##### Records supplied #####

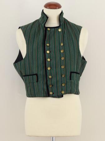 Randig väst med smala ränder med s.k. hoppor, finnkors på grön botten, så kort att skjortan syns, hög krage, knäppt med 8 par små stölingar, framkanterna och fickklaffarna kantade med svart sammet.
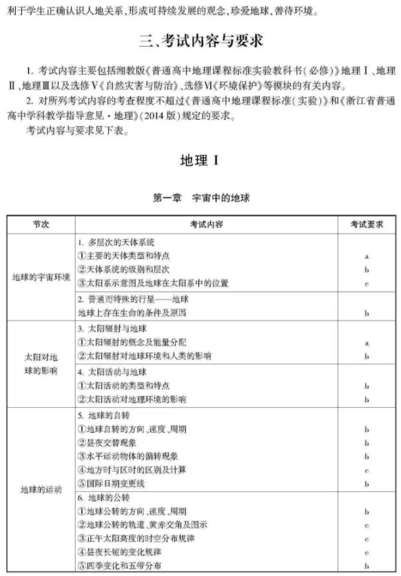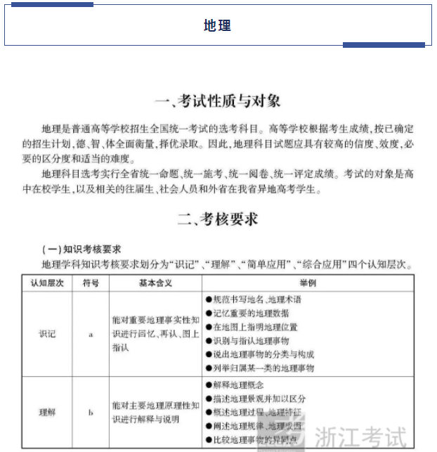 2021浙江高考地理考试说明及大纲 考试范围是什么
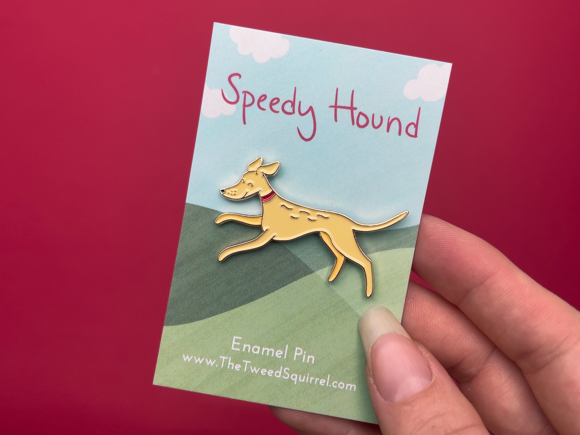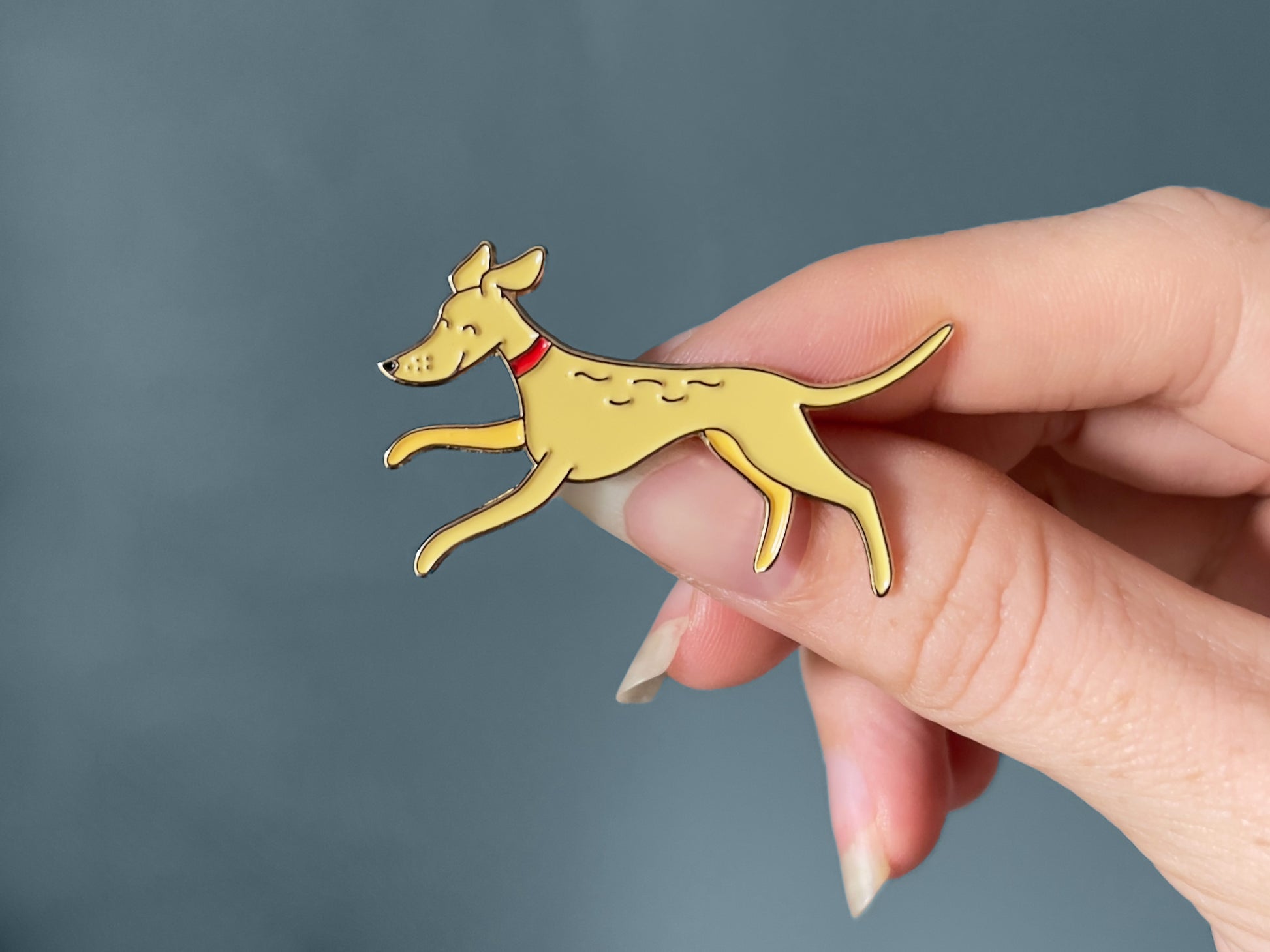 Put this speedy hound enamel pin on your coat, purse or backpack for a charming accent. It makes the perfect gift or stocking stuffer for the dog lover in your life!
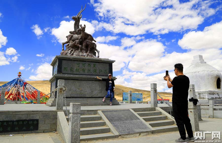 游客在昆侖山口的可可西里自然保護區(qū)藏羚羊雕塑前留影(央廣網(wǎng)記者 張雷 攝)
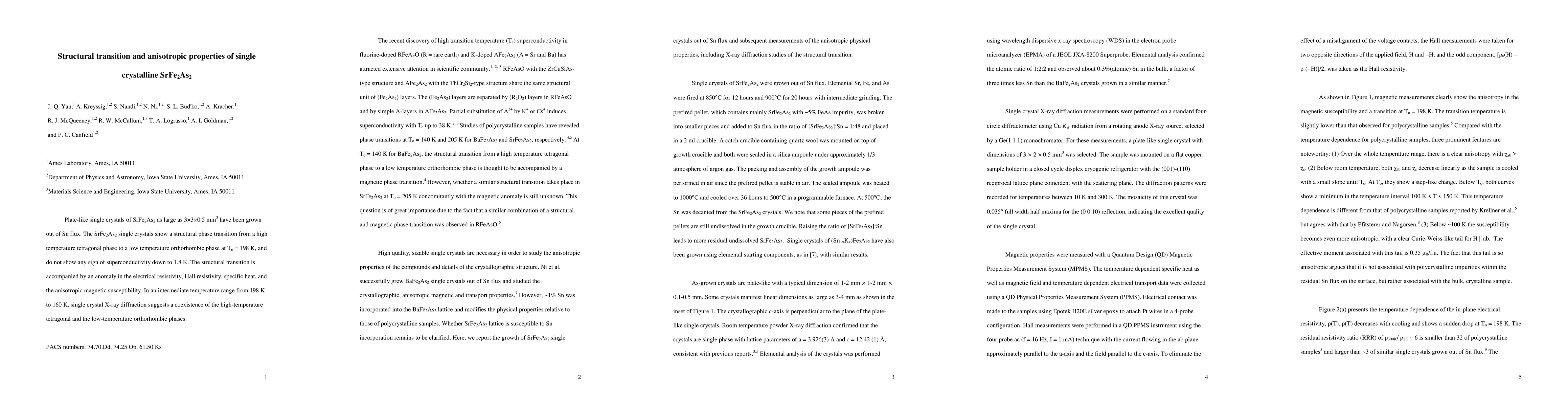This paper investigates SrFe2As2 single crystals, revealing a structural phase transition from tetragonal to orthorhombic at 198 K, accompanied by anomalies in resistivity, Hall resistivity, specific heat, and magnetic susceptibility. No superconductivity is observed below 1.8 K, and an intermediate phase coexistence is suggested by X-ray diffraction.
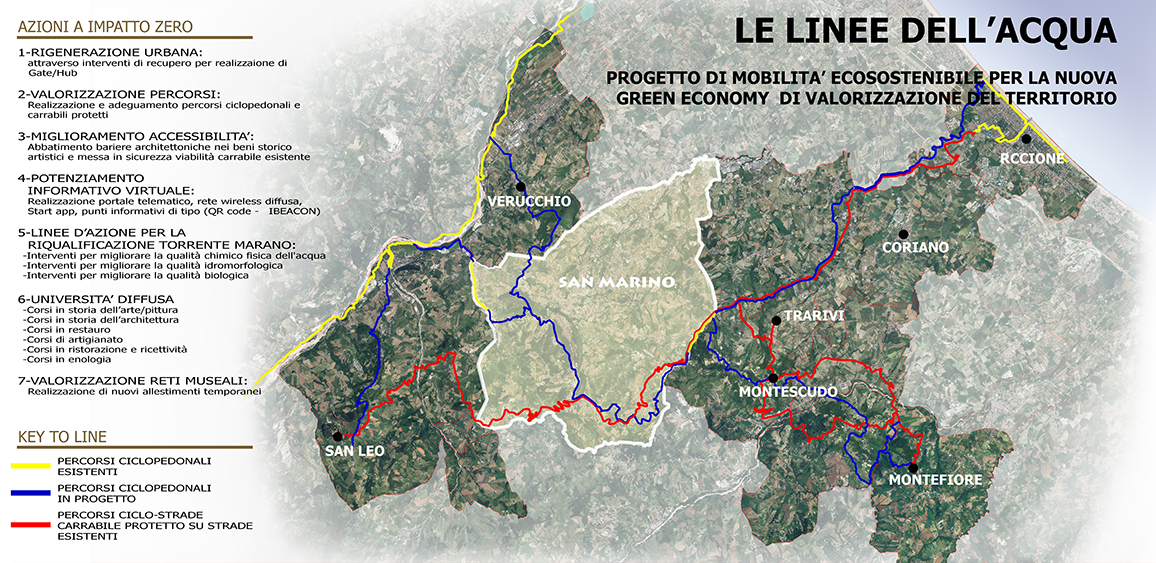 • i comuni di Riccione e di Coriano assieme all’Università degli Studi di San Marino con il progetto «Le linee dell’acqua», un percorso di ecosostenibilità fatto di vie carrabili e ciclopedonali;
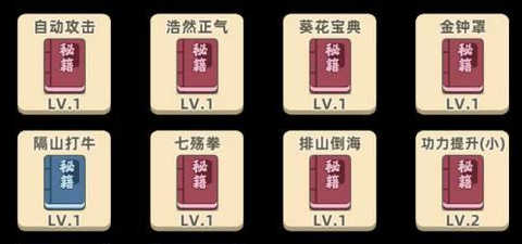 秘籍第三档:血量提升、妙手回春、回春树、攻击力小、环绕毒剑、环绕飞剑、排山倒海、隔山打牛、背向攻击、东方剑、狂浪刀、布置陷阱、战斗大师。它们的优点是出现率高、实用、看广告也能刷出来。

#####
##### Records supplied #####

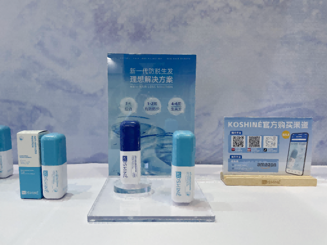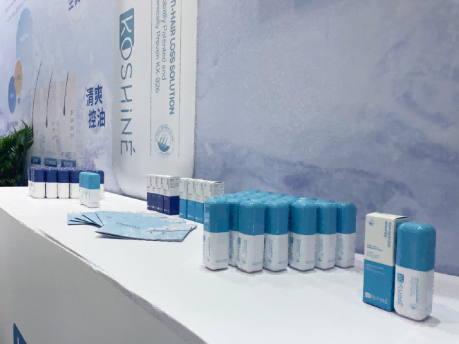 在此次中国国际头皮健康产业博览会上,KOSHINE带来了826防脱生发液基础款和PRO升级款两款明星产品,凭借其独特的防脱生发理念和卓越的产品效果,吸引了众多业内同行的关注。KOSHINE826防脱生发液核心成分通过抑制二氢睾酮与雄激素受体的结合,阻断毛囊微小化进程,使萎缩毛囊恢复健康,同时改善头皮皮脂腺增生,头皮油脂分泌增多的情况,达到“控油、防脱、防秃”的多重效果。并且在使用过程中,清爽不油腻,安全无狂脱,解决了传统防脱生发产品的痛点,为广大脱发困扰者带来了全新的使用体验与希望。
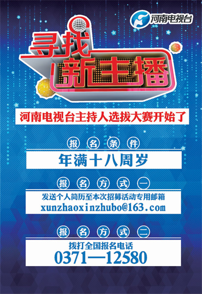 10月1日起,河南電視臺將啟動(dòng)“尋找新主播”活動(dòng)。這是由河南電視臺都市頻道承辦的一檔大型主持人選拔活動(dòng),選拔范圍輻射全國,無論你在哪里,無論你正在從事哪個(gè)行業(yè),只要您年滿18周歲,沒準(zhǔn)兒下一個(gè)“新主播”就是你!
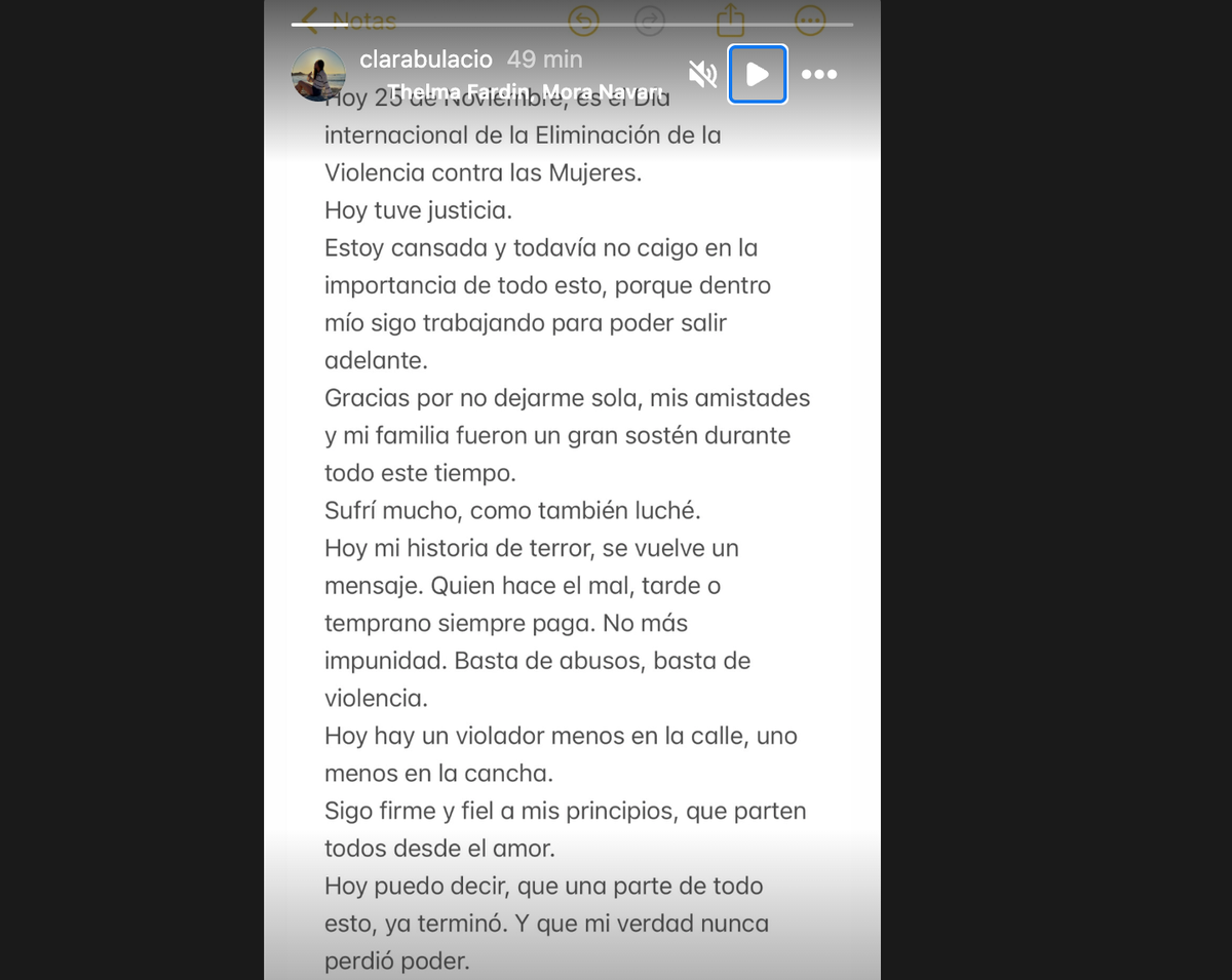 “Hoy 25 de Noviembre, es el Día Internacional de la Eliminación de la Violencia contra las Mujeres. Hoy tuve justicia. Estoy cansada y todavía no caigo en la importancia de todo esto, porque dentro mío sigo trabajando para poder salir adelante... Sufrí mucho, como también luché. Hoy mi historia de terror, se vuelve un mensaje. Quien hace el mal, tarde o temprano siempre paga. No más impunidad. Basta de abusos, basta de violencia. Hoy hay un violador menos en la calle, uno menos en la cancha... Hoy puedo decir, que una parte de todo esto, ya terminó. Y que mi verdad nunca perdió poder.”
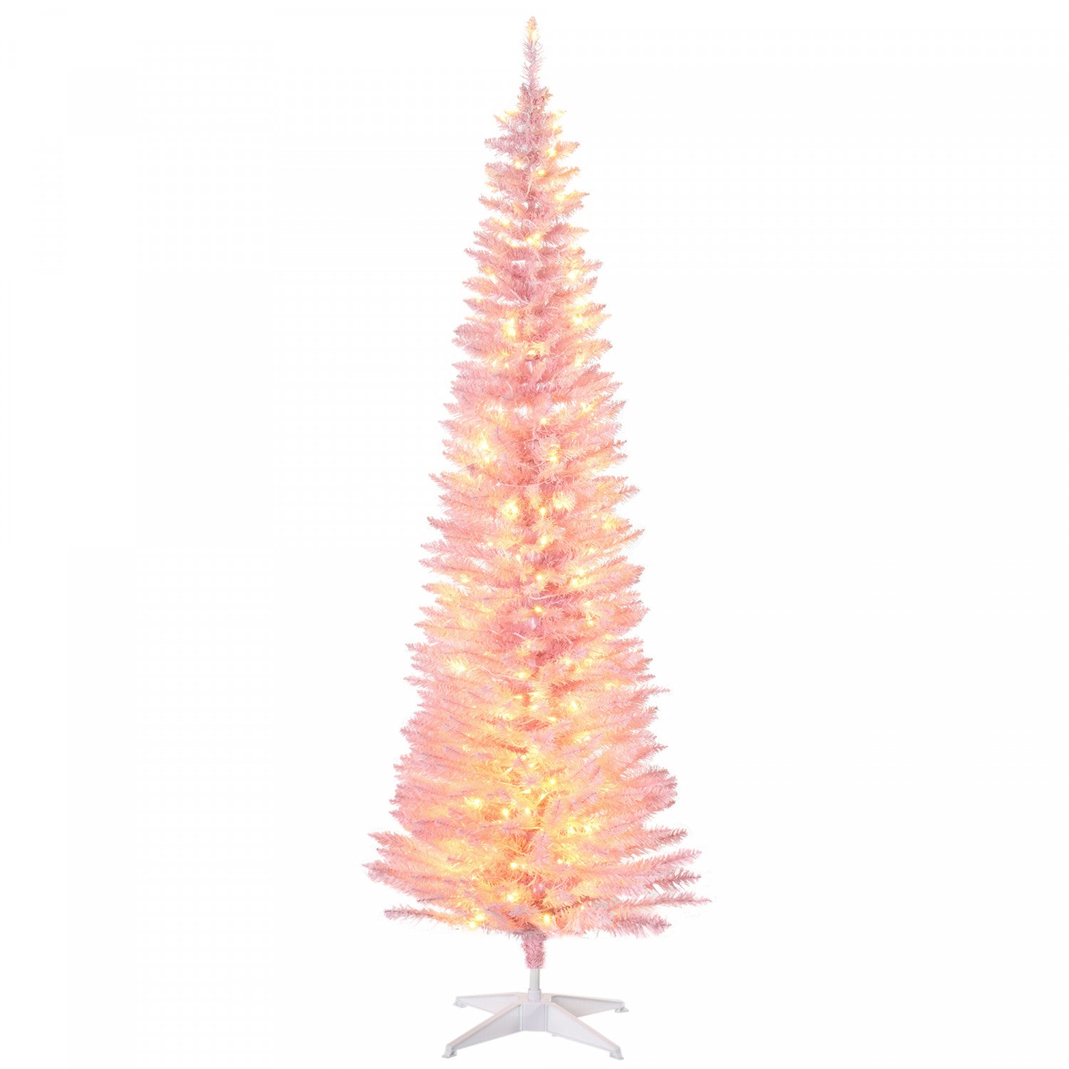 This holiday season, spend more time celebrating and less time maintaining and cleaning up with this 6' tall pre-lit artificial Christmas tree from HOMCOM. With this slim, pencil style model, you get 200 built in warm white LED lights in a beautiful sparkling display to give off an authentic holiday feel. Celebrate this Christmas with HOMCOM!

#####

- What needs to be done
Set the pictures aside and transcribe exactly the stretch of lines above, beginning with the one holding "This paper investigates" and ending with the one holding "秘籍第三档:血量提升、妙手回".

- Worked solution
This paper investigates SrFe2As2 single crystals, revealing a structural phase transition from tetragonal to orthorhombic at 198 K, accompanied by anomalies in resistivity, Hall resistivity, specific heat, and magnetic susceptibility. No superconductivity is observed below 1.8 K, and an intermediate phase coexistence is suggested by X-ray diffraction.
 • i comuni di Riccione e di Coriano assieme all’Università degli Studi di San Marino con il progetto «Le linee dell’acqua», un percorso di ecosostenibilità fatto di vie carrabili e ciclopedonali;
 秘籍第三档:血量提升、妙手回春、回春树、攻击力小、环绕毒剑、环绕飞剑、排山倒海、隔山打牛、背向攻击、东方剑、狂浪刀、布置陷阱、战斗大师。它们的优点是出现率高、实用、看广告也能刷出来。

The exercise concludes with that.